Should I wait another year to file a full year of my salary based income and be able to qualify for a larger loan to purchase a Multiunit? Or should I just start with purchasing a SFR, live in it and build equity to later refinance and then be able to get a multiunit.

I am renting right now, and I would much rather purchase a small SFR to live in and be able to have something in my name to later refinance or draw a HELOC later, than to just wait another year (renting) to be able to buy a cash-flowing property like a duplex/triplex.

Any thoughts or advice?

Linzey,

I would recommend against buying a home if your time horizon is one year.
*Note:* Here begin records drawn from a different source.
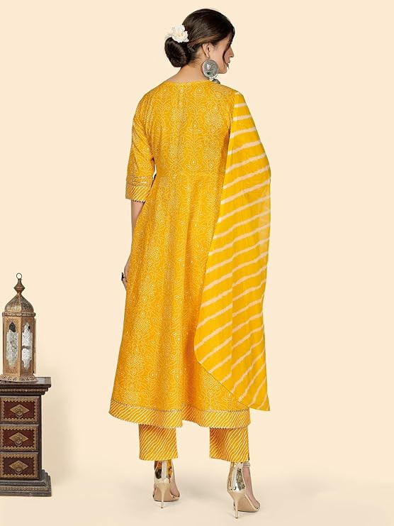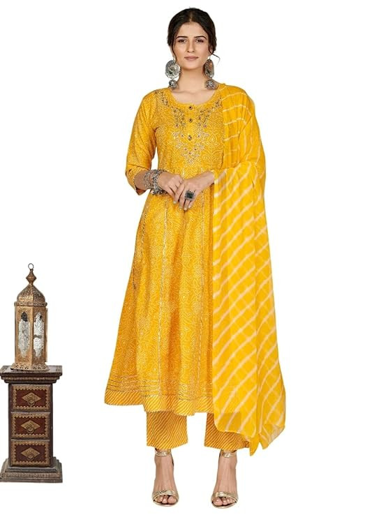 Vibrant Design: The Women's Bandhani & Embroidered Anarkali Cotton Yellow Stitched Kurta Pant With Dupatta set features a stunning Bandhani print and intricate embroidery, creating a vibrant and traditional look. Comfortable Cotton Fabric: Made from high-quality cotton, this set ensures maximum comfort and breathability, making it perfect for all-day wear. Classic Silhouette: The Anarkali kurta with a round neck and 3/4 sleeves offers a timeless and flattering fit, suitable for various body types and occasions. Complete Set: This ensemble includes a stitched Anarkali kurta, matching pants with a convenient pocket, and a coordinating dupatta, providing a cohesive and stylish outfit. Versatile Occasion Wear: Ideal for festive celebrations, family gatherings, and casual outings, this yellow set adds a touch of elegance and sophistication to any event.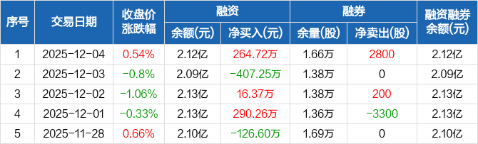 美畅股份:融资净买入264.72万元,融资余额2.12亿元(12-04)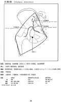 大殿筋;大臀筋【だいでんきん】 o: Ilium, behind the posterior gluteal line, sacrum, coccyx, thoracolumbar fascia, sacrotuberous ligament, i: Fascia lata, iliotibial tract, gluteal tuberosity, lateral femoral intermuscular septum, linea aspera. Extension, lateral rotation, abduction, and adduction at the hip joint. I: Inferior gluteal nerve.(大臀筋は大腿を伸展する主力筋で、とくに歩行の際重要である。中臀筋や小臀筋(小さな臀部の筋群)と同様、大きな臀部の筋である大臀筋も発生的には伸筋群である。仙骨と尾骨の辺縁、後臀筋線より後方の腸骨稜、胸腰筋膜、そして仙結節靭帯などから起始する。その厚い筋線維束は斜め下方へ走り、広い停止腱となる。その停止域は近位では大腿筋膜、腸脛靱帯に放散する。また、臀筋粗面よりも遠位で外側筋間中隔より上の粗線外側唇にも停止する。坐骨包坐骨結節と大臀筋下面の筋膜との間にある。慢性的刺激の結果として(機織工結節、抗夫結節)、臀部に敷物なしに座り仕事をする人々では同包に炎症が起こり、後大腿皮神経を圧迫する。大腿筋の停止腱は転子包によって大転子と離される。臀筋粗面では、大腿筋はふつう他の臀筋との間にあるいくつかの筋間包の上を滑走する。立位では大臀筋下部が坐骨結節をおおう。大腿を屈すると大臀筋下部は頭側に移動する。このため座位では坐骨結節は皮下脂肪上に位置し、皮膚を通して容易に触れる。臀溝はほぼ水平に走り、大臀筋収縮時には深くなるが、大臀筋の下縁をあらわしているわけではなく、同筋走行に対して鋭角的に交わる。)
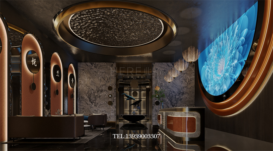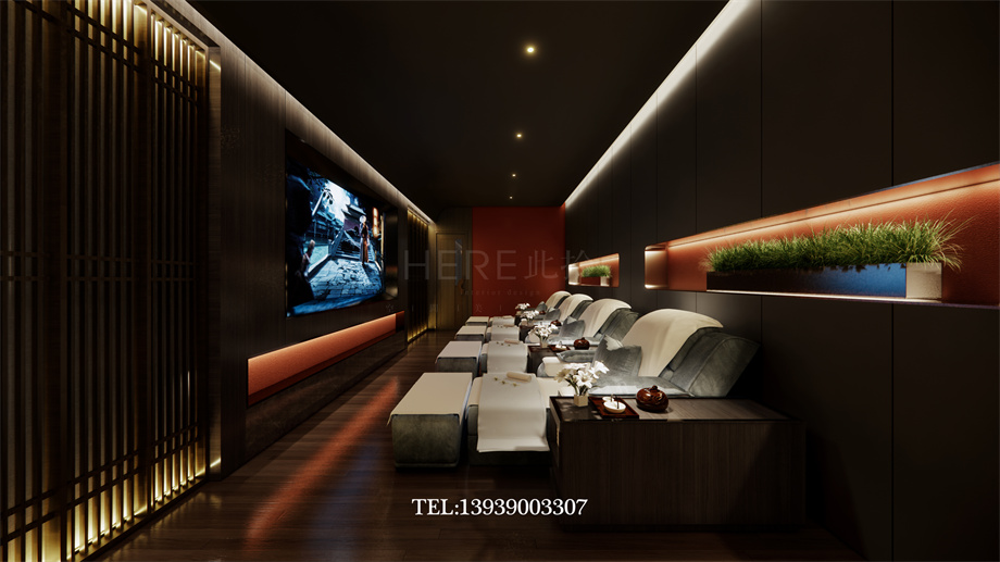 整體湯泉足道會所設(shè)計(jì)以現(xiàn)代輕奢融合東方美學(xué),以幽暗色調(diào)打造私密體驗(yàn)。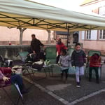 La rue du château était très joliment apprêtée et investie, un large public familial et intergénérationnel a pu y déambuler avec intérêt et plaisir.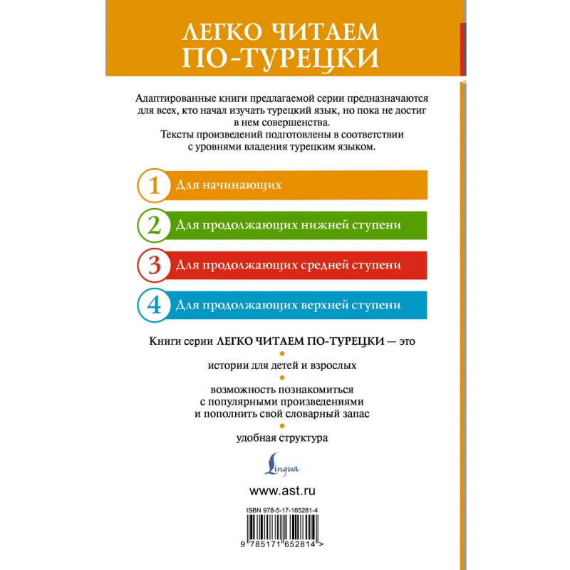 Ищете, что интересного почитать на турецком? Тогда смело берите эту книгу! София Леонидовна Куталмыш — кандидат филологических наук, специалист по турецкому языку, автор пособий по изучению турецкого языка. Она написала несколько простых рассказов на турецком языке о самых необычных и важных традициях Турции. Вы узнаете о соленом кофе, значении хны, чайной культуре и ключевых турецких праздниках. В конце каждого рассказа вы сможете выполнить несколько простых упражнений на понимание прочитанного и запоминание слов, а также проверить себя по ключам. Помимо этого, издание сопровождается турецко-русским словарем. Книга подходит для всех, кто начинает учить турецкий язык и нуждается в языковой практике.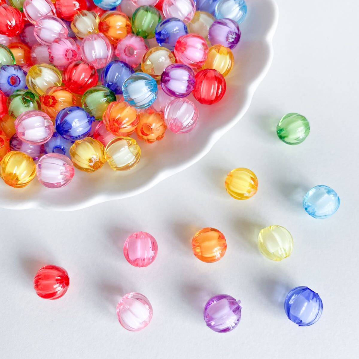 メロン型(スイカ型、パンプキン型)のアクリルビーズです。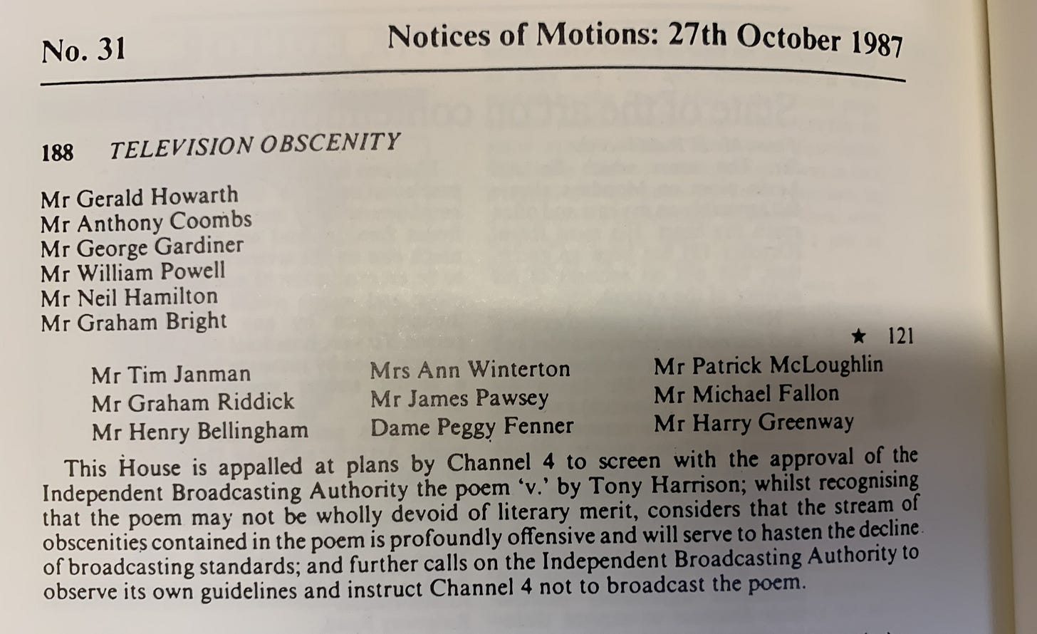 I well remember the fuss whipped up by Channel 4’s decision to broadcast a film version of his poem V. in 1987. The Daily Mail called it “a torrent of four-letter filth” while Mary Whitehouse, self-appointed guardian of public morality, rowed in with “this work of singular nastiness”.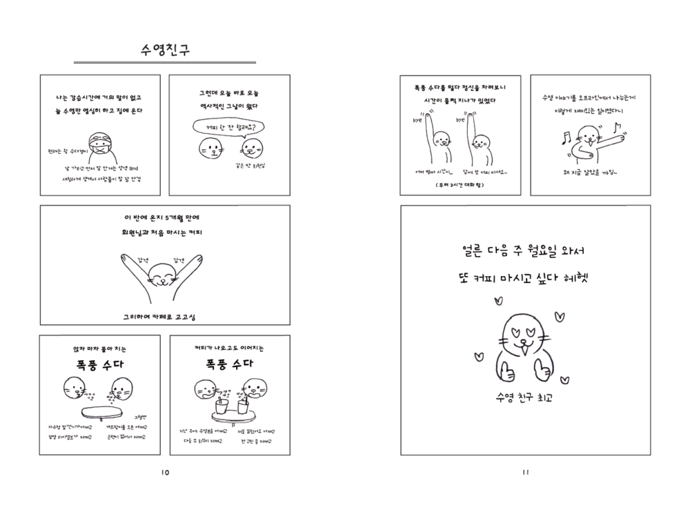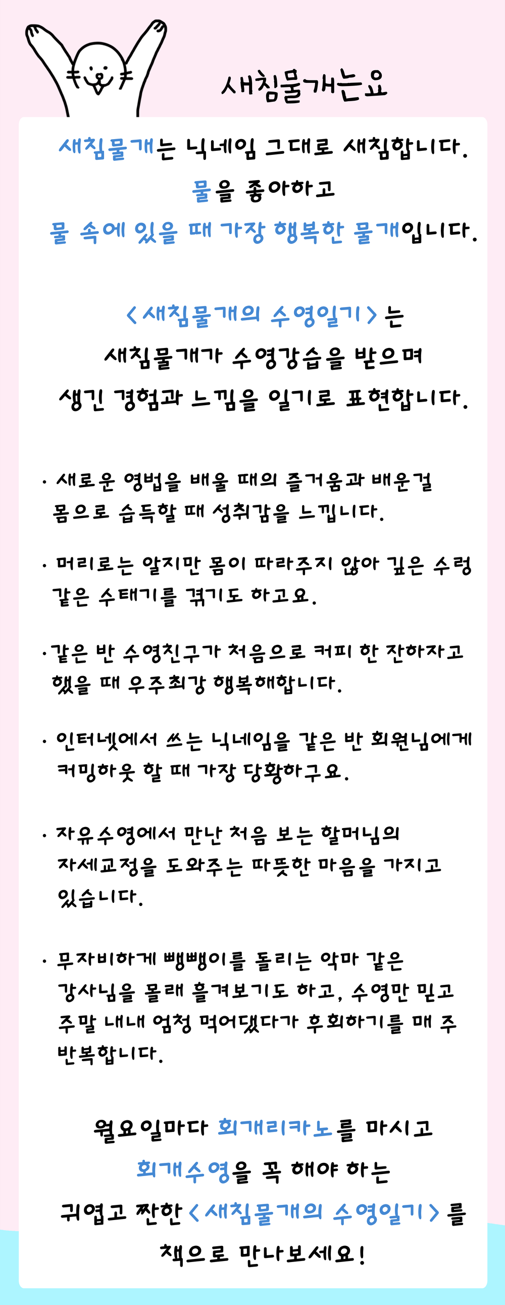 <새침물개의 수영일기>에는 월요일마다 회개수영을 하고 회개리카노를 마시는 귀엽고 짠한 새침물개의 수영라이프가 담겨있어요.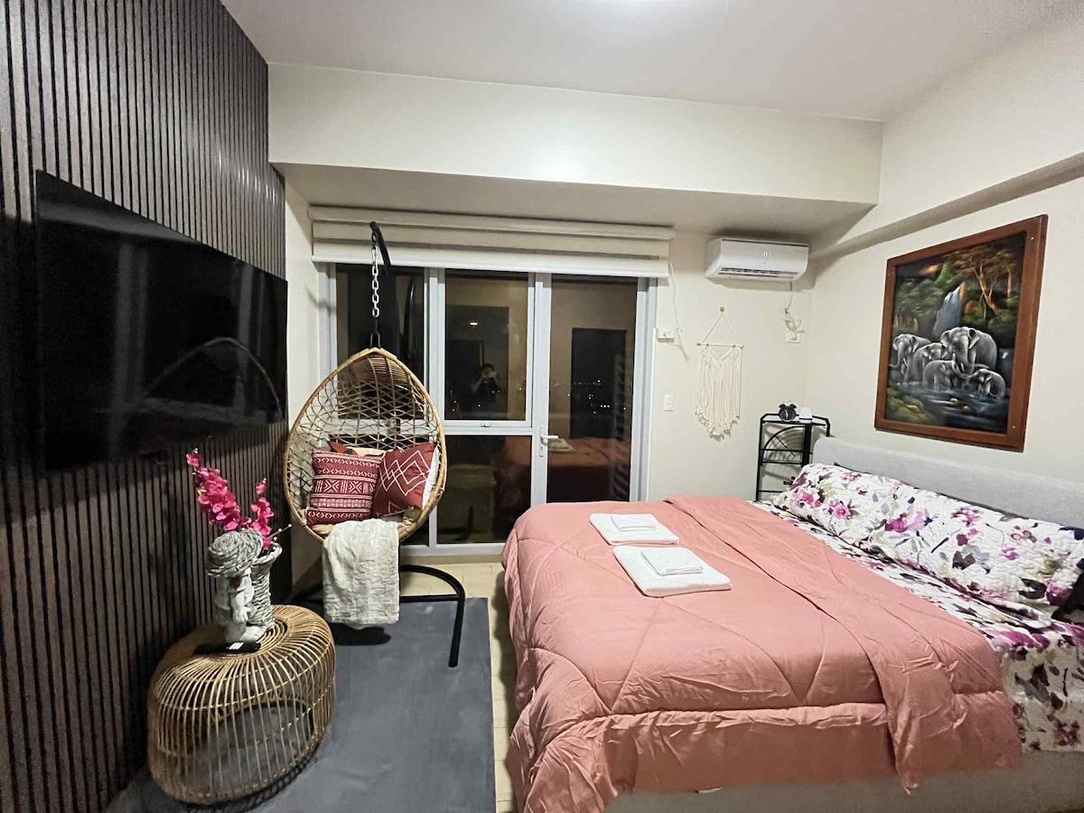 A helyünk központi elhelyezkedésű, és sétatávolságra található az Atria Park Districk, a Qualimed Hospital, az Ateneo, a Seda Hotel és az S&R Shopping. Néhány percre van a Festive Walktól, az SM Citytől, az SM Citytől, a Plazuelától és a Smallville-től. A hálószobában saját vécé/fürdőszoba található. A második vécé/fürdő a nappaliban található. A hely wifivel, mosógéppel + szárítógéppel, indukciós főzőlappal, sütővel/kenyérpirítóval, mikrohullámú sütővel, vízforralóval, 55 hüvelykes televízióval és fűtött zuhanyzóval rendelkezik.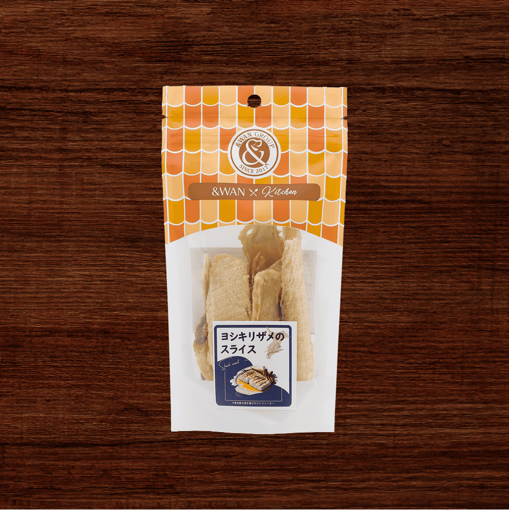 千葉銚子港で水揚げされた新鮮なヨシキリザメを使用した、香りと旨味が凝縮されたジャーキーです。低脂肪で高たんぱく質であることに加え、DHA・ERAやコラーゲン、健康維持に必要なビタミンBも多く含まれています。また、血液をサラサラにするといわれているオレイン酸も多く含まれています。

Generally, property is appreciating in Socal, but not every year sees growth. Additionally, we're in a really moment right now. The market is crazy hot even though unemployment is still higher than any point in history since the Great Depression. So who knows what's going to happen in the next year!

 I know paying rent for another year in frustrating, but buying a house with a hope to capitalize on appreciation in one year is pretty risky.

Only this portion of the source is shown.